Intuizioni e ispirazioni di bene. Per essere felici bisogna sapere cosa si viene a fare nella vita. L’uomo moderno, vittima della vacuità del relativismo è un disperato, anche se, nella maggior parte dei casi, non sa di esserlo
di Francesco Lamendola
La vita morale di ciascun essere umano è il teatro di una lotta incessante fra il bene e il male; e la disgrazia della nostra epoca, e più in generale di tutta la cosiddetta civiltà moderna, è che ci siamo scordati di questa semplice verità, e abbiamo adottato l’idea che la vita, invece, sia lì perché noi possiamo inseguire i nostri sogni, perché possiamo realizzare le nostre aspirazioni e soprattutto perché noi possiamo esercitare i nostri diritti, primo dei quali il diritto alla libertà.

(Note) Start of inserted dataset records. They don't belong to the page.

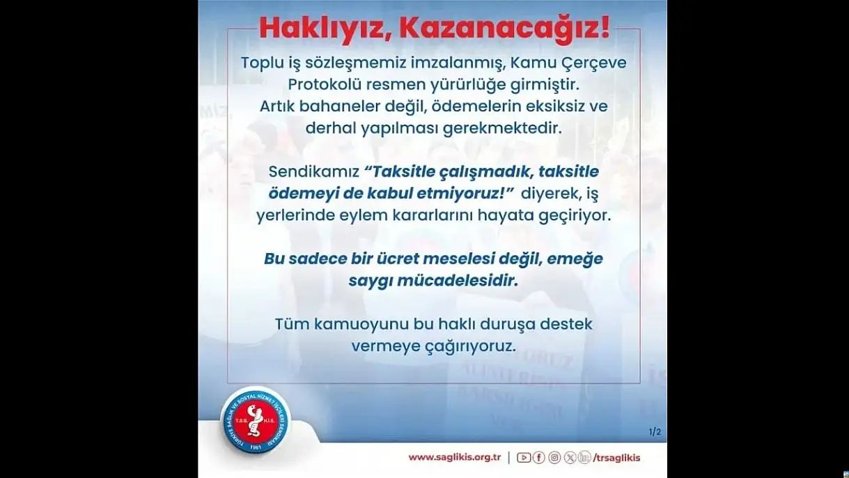 Cumhurbaşkanı, Çalışma Bakanı ve Hazine Bakanı’na seslenen Salcanlıer, ‘‘Bu adaletsizlik artık tahammül edilemez boyuta ulaştı. Sağlık işçilerini yok saymaya son verin, alın terimizin karşılığını derhal ödeyin’‘ dedi.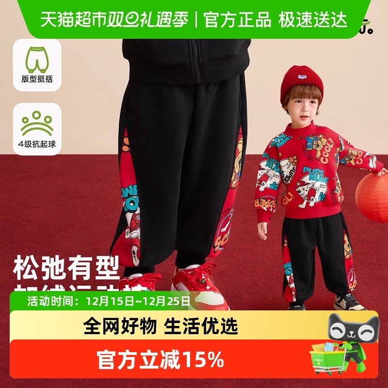 童装/婴儿装/亲子装 汪汪队男童加绒裤子秋冬2025新年儿童宝宝拜年男孩冬装运动休闲裤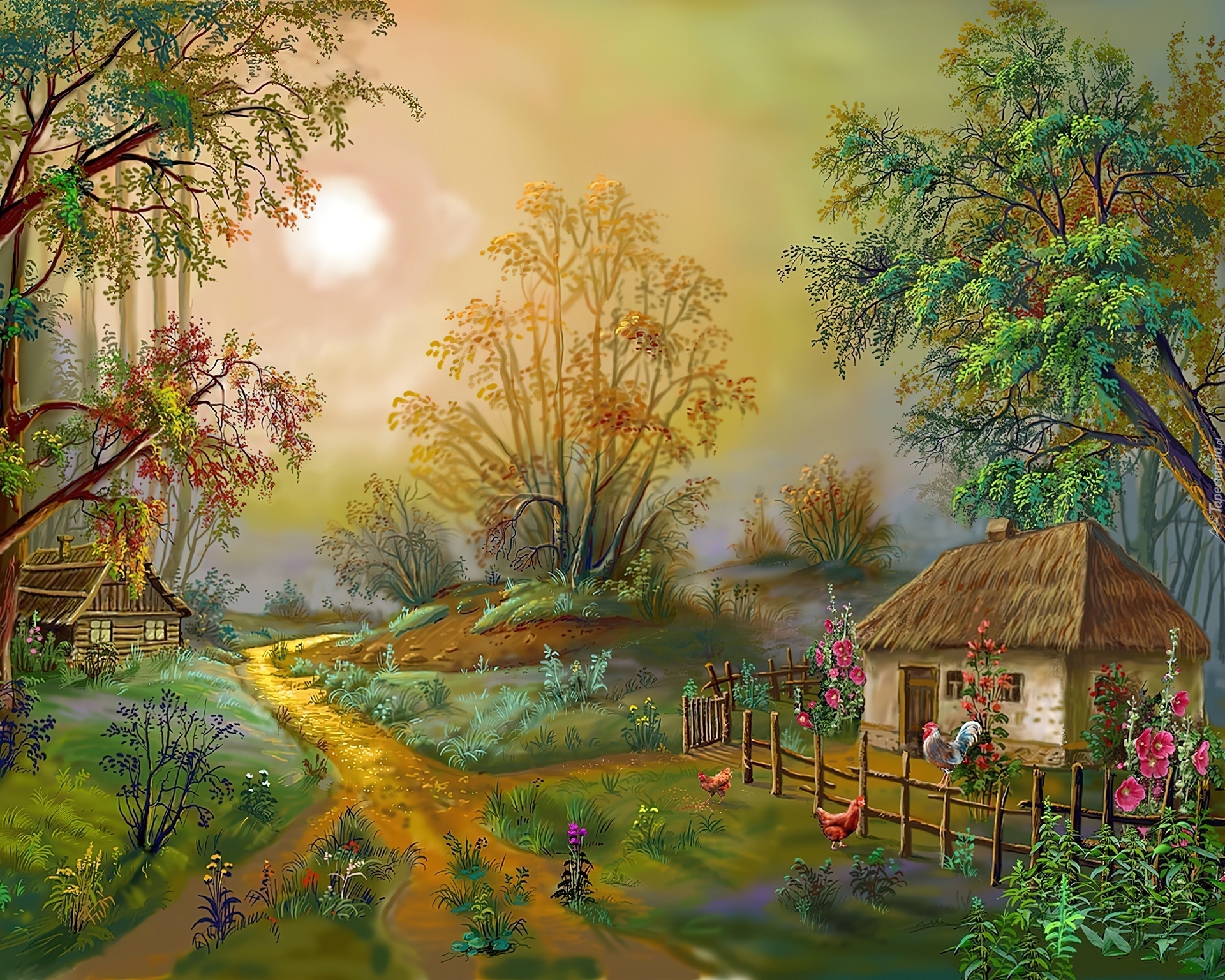 Edytor tapety: Domki, Droga, Kwiaty

Nessuno ci ha spiegato, anzi, la cultura nella quale siamo immersi ha fatto di tutto perché ce ne scordassimo, che la vera libertà non consiste nel diritto di fare quel che si vuole in quel dato momento, e magari tutto il contrario un momento dopo, bensì nel fare ciò che è giusto fare, ieri, oggi e domani; quel che è giusto sempre, un senso assoluto, sia che la nostra vita debba durare ancora per cento anni, sia che debba terminare fra un minuto.